Exercise material:
__________________________________________________
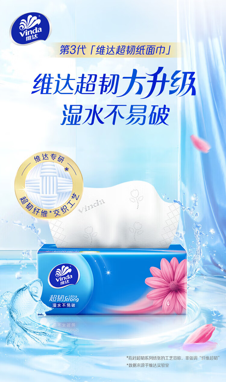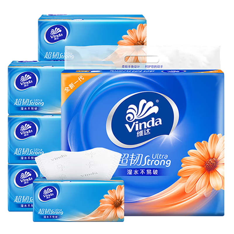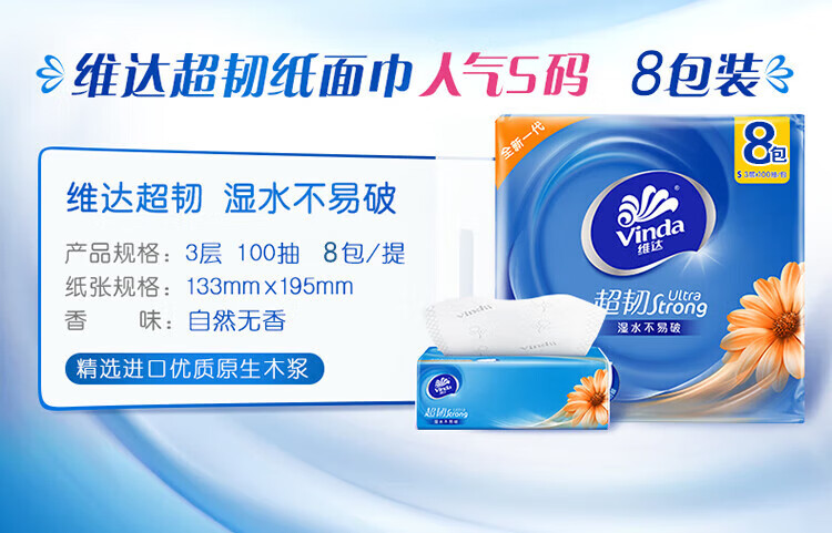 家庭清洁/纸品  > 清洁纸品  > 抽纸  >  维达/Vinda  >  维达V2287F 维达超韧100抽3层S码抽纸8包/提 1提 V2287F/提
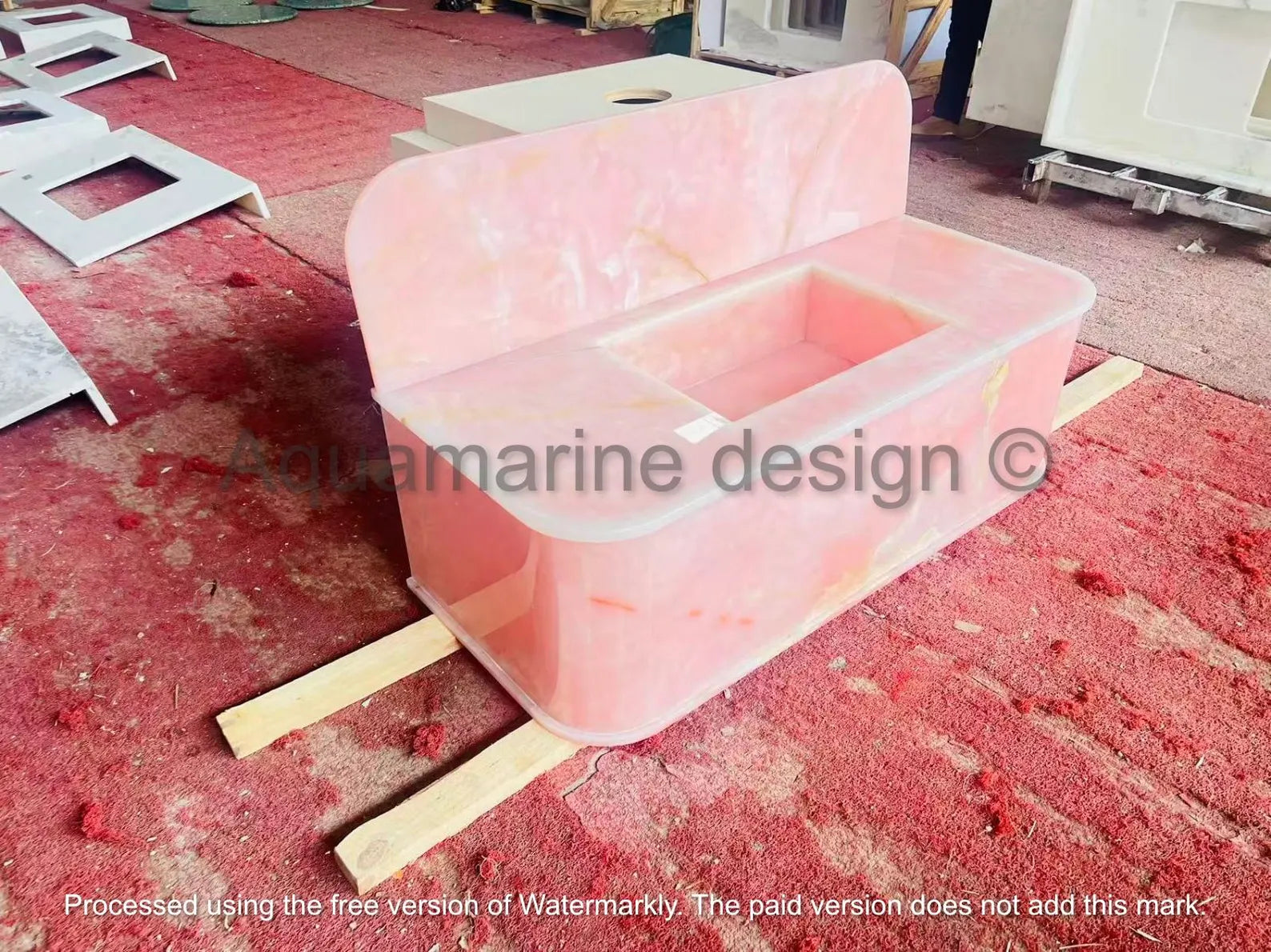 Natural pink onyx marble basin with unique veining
__________________________________________________
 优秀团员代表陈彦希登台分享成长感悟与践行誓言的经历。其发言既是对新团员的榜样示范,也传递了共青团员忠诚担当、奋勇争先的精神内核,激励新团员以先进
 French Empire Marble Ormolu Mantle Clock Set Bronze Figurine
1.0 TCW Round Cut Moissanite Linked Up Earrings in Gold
__________________________________________________
What you have to do: Transcribe, exactly and without pictures, everything in the data from the line with "家庭清洁/纸品  > 清洁纸品  > 抽纸" down to the line with "Natural pink onyx", both included.

Response area:
 家庭清洁/纸品  > 清洁纸品  > 抽纸  >  维达/Vinda  >  维达V2287F 维达超韧100抽3层S码抽纸8包/提 1提 V2287F/提
 Natural pink onyx marble basin with unique veining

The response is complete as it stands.